Of course, the outperformance of benchmark forecasts by selected DMA models is quite small (approximately the best of estimated DMA models lowers MSE by 10% in comparison to the naïve forecast, and by 8% in comparison to the 1-month futures forecast). In particular, from comparing Model 2 and Model 3 it can be seen (
Table 4) that adding NFP (futures prices) improves the forecast quality. However, amongst all the considered models it is Model 4 with
α = 0.99 and with normalized data which is characterized by the smallest MSE (the difference between the “full” and the “reduced” version is in this case negligible).
However, outcomes are robust to the selection of the forgetting factor
α. Amongst models with
α = 0.95 it is the “reduced” version of Model 5 with normalized data which minimizes MSE. For α = 0.99 it is both the “reduced” and the “full” version of Model 4 with normalized data. For
α = 1 it is the “reduced” version of Model 4 with normalized data. From
Table 3 it can also be seen that when working with non-normalized data, the algorithm described in
Section 4.4 tends to exclude drivers more often than if models with normalized data are applied. As the aim of this research is to find drivers of oil price, this serves as another argument in favor of normalizing data.
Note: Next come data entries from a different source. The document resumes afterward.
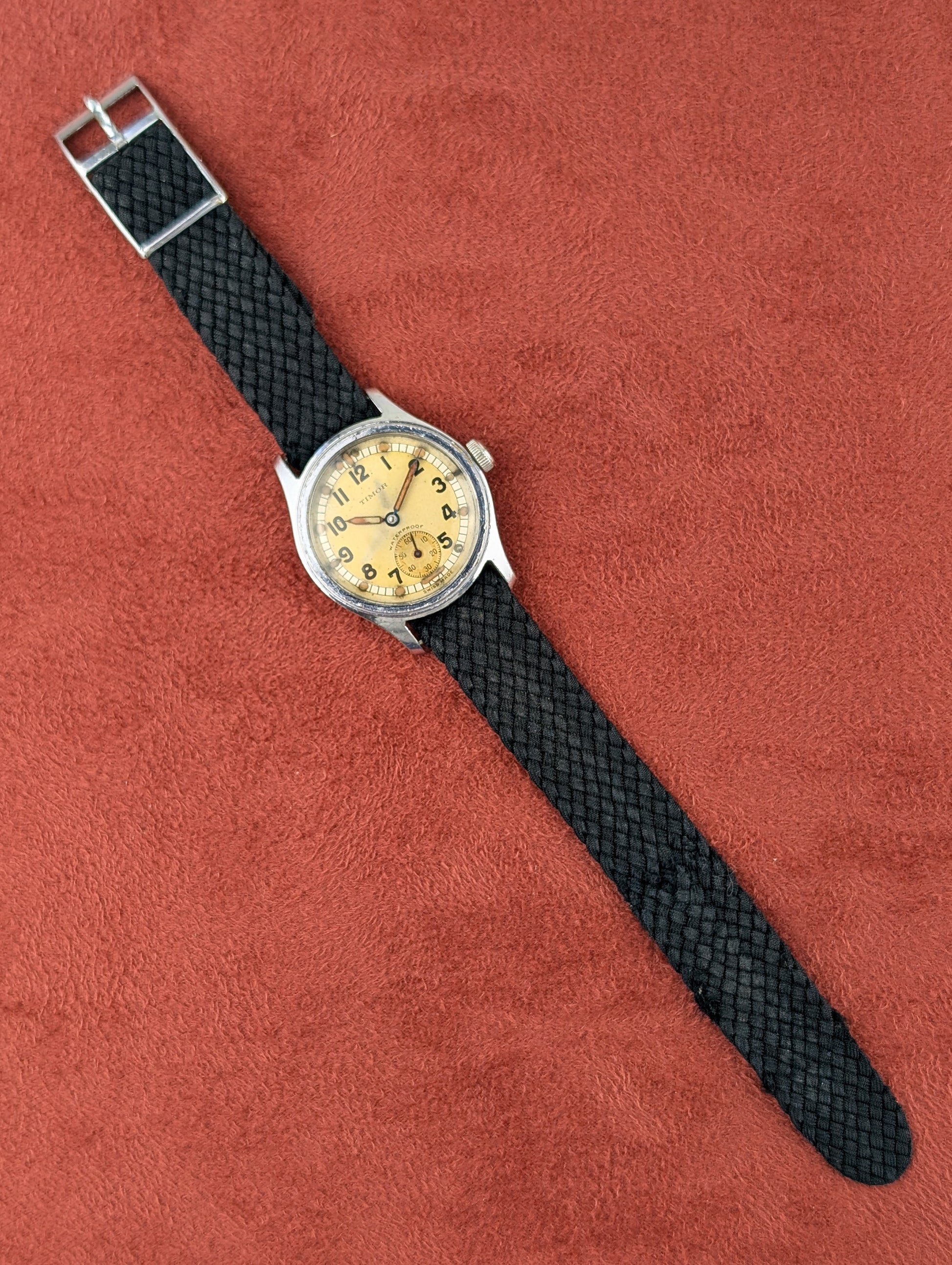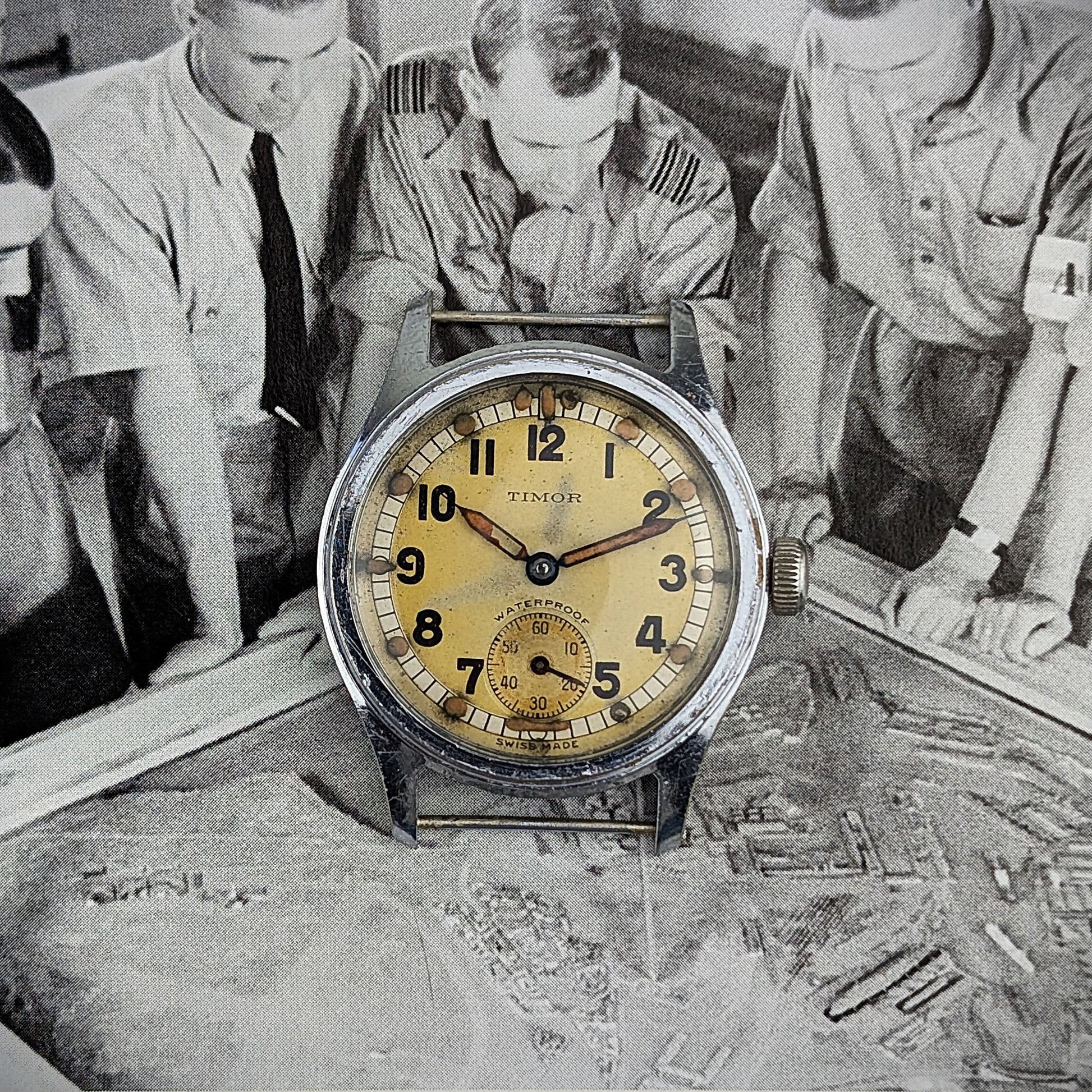 A true British military issued Timor ATP watch from circa 1940 at the beginning of WWII. Unlike the famous W.W.W. “Dirty Dozen” watches, the ATP series were actually used during WWII.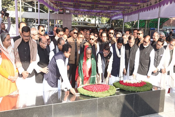 মঙ্গলবার সকাল ১০টার দিকে রাজধানীর ধানমন্ডি ৩২ নম্বরে বঙ্গবন্ধুর প্রতিকৃতিতে শ্রদ্ধা জানান প্রধানমন্ত্রী।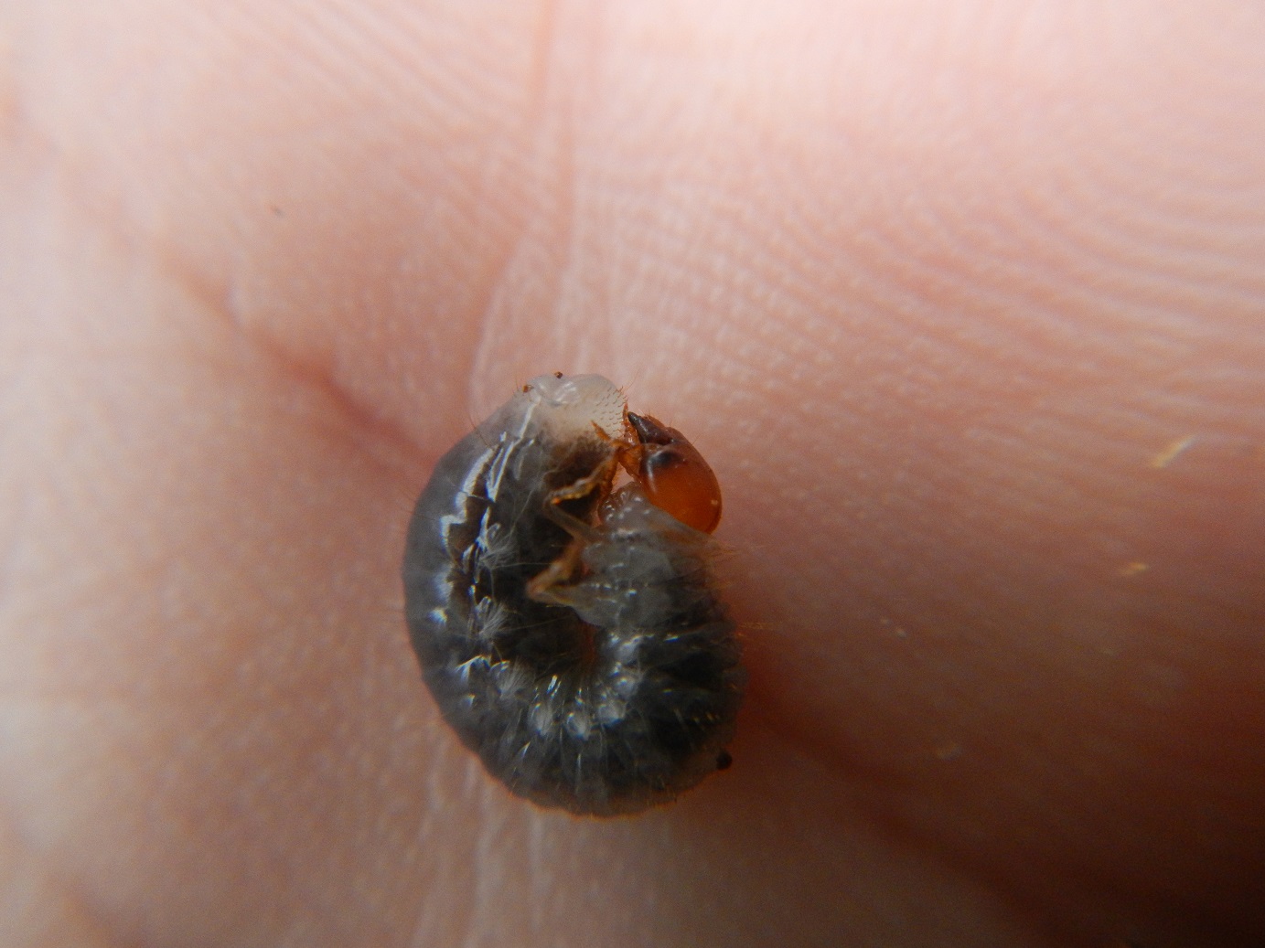 Trovo anche questa larva di lepidottero, mezza distrutta con la paletta. Per un attimo ho temuto di aver mietuto una larva di Dorcadion!

It would be desirable to select one model amongst all the estimated models, i.e., the one which behaves “the best”. First of all, it is reasonable to consider only models, which outperformed benchmark forecasts. Secondly, it would be desirable if model’s errors (see
Table 4) would not depend on the forgetting factor
α. Indeed, there is such a model, i.e., Model 5 in the “reduced” version with normalized data. Clearly, it is the most robust model against changing the forgetting factor, even if all estimated models are considered (not only those outperforming naïve forecast and futures forecast). Interestingly, it is also the second “best” model under the criterion of minimizing MSE. (But the “best” one has only 1% smaller MSE.) It should be noticed that this model is the one, which, first, consists of normalized data; secondly, is in the “reduced” version; and, thirdly, has been obtained by the off-line structure estimation algorithm by Karny and Kulhavy [
111] with an assumption that regression coefficients do not vary (see
Section 4.4).
Finally, it is stressed that the model which minimizes MSE is the one with the forgetting factor α = 0.99 (as well as the above described, the “best”, model). Indeed, this observation supports the hypothesis that DMA can be a useful method in oil price forecasting.
Therefore, in
Figure 4 there are presented probabilities
pt(
X) described in
Section 4.5. In
Figure 4 they are presented for the above chosen, the “best” model, i.e., Model 5 with normalized data, in the “reduced” version, and with the forgetting factor
α = 0.99. These probabilities express the probability that a driver
X is useful for forecasting oil price at time
t based on weights attached by DMA to regression models which include this driver.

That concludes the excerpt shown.